The U section (also called channel) is a pretty common section shape, typically used in steel construction. However, U shaped cross sections can be formed with other materials too (e.g. concrete, aluminium, plastics, etc). The following figure illustrates the basic dimensions of a U section, as well as, the widely established naming for its components. Specifically, the U section is defined by its two flanges and the web. In this page, the two flanges are assumed identical, resulting in a symmetrical U shape.

Dimensions and flange/web components in a U section

The area A and the perimeter P of a channel cross-section, can be found with the next formulas:

A = 2b t_f + (h-2t_f)t_w

P = 4b + 2h - 2t_w

The distance of the centroid from the left edge of the section x_c , can be found using the first moments of area, of the web and the two flanges:

x_c = \frac{1}{A}\left( \frac{(h-2t_f)t_w^2}{2} + t_f b^2 \right)

We reached to the last equation by dissembling the U-section in simpler components (the flanges and the web), and then finding the static moment of each one, from an axis aligned to the external edge of the web. Should you need more details about this technique, you can check our article, on finding the centroid of compound areas, here.

Moment of Inertia

The moment of inertia of a channel section can be found if the total area is divided into three, smaller ones, A, B, C, as shown in figure below. The final area, can be considered as the additive combination of A+B+C. However, since the flanges are equal, a more straightforward combination can be (A+B+C+V)-V (that is a difference between two rectangular areas). Therefore, the moment of inertia I_x of the channel section, around centroidal x axis, is determined like this:

I_x = \frac{b h^3}{12} - \frac{(b-t_w) (h-2t_f)^3}{12}

where h the channel height, b the width of the flanges, t_f the thickness of the flanges and t_w the thickness of the web.

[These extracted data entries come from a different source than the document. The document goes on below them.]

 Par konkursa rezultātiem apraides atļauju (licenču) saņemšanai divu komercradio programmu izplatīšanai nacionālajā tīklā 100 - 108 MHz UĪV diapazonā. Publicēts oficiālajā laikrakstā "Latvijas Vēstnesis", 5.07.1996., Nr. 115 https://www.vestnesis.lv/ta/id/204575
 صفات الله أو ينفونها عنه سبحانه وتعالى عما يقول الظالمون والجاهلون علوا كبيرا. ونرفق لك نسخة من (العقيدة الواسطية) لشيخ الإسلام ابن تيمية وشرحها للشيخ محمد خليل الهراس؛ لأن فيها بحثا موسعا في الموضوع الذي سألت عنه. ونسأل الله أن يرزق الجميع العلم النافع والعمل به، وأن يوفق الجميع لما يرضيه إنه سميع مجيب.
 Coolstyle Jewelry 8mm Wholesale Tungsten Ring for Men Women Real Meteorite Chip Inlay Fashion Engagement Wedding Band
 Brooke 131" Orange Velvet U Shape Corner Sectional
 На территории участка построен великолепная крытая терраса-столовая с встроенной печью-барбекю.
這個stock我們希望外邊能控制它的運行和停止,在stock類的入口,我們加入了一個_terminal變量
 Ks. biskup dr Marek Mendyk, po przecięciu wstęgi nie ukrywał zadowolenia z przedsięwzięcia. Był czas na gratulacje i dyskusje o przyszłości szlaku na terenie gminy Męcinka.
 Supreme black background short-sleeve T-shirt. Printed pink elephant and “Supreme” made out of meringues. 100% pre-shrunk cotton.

Notice that there is no need to apply the Parallel Axes Theorem, for either of the two rectangular areas (V and A+B+C+V), because their centroids lie over the examined axis x.

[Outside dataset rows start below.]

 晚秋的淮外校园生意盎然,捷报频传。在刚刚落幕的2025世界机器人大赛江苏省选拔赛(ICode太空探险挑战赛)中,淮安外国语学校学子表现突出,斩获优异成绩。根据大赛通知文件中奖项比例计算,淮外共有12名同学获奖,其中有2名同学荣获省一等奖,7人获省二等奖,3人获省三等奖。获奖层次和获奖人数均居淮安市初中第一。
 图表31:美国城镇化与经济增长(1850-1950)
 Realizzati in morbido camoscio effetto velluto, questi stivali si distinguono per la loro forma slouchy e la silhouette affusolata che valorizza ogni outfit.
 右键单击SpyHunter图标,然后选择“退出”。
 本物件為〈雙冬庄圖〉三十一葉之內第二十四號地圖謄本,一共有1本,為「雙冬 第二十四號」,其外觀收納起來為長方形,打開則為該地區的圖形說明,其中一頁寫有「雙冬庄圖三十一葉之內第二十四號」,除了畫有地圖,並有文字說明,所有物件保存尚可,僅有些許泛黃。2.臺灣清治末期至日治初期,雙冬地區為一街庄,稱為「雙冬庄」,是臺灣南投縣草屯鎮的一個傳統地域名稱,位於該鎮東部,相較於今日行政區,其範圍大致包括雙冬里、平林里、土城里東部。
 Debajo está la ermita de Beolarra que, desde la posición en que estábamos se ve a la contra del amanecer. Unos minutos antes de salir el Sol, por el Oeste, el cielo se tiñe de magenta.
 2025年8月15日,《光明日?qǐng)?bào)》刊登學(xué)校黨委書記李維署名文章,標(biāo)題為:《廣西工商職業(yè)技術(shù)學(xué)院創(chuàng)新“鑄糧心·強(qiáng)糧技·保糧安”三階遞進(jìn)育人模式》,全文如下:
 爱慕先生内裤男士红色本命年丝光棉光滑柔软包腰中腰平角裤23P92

U section: finding moments of inertia  Ix and Iy around strong and weak axis

The moment of inertia I_y of the channel section, around centroidal y axis, is better found with application of the Parallel Axes Theorem. The moment of inertia I_{y0} of the channel section, around non-centroidal y0 axis, is easy to find, if we consider the entire cross-section as an assembly of two flanges (areas B and C in figure) and one web (area A). Remember that the moment of inertia of a rectangular area, b\times h , around an axis aligned to its side b is: b h^3\over3 . The following formula is then obtained:

I_{y0} = \frac{(h-2t_f) t_w^3}{3} + 2\frac{t_f b^3}{3}

Knowing I_{y0} , and centroid distance x_c , we can calculate the moment of inertia I_y , around centroidal y axis, using the Parallel Axes Theorem:

I_{y0} = I_{y} + A x_c^2 \Rightarrow

I_{y} = I_{y0} - A x_c^2

Why the moment of inertia is useful

The moment of inertia (second moment or area) is used in beam theory to describe the rigidity of a beam against flexure. The bending moment M applied to a cross-section is related with its moment of inertia with the following equation:

M = E\times I \times \kappa

where E is the Young's modulus, a property of the material, and \kappa the curvature of the beam due to the applied load. Therefore, it can be seen from the former equation, that when a certain bending moment M is applied to a beam cross-section, the developed curvature is reversely proportional to the moment of inertia I.

Polar moment of inertia

The polar moment of inertia, describes the rigidity of a cross-section against torsional moment, likewise the planar moments of inertia described above, are related to flexural bending. The calculation of the polar moment of inertia I_z around an axis z (perpendicular to the section), can be done with the Perpendicular Axes Theorem:

I_z = I_x + I_y

where the I_{x} and I_{y} are the moments of inertia around axes x and y which are mutually perpendicular with z and meet at a common origin.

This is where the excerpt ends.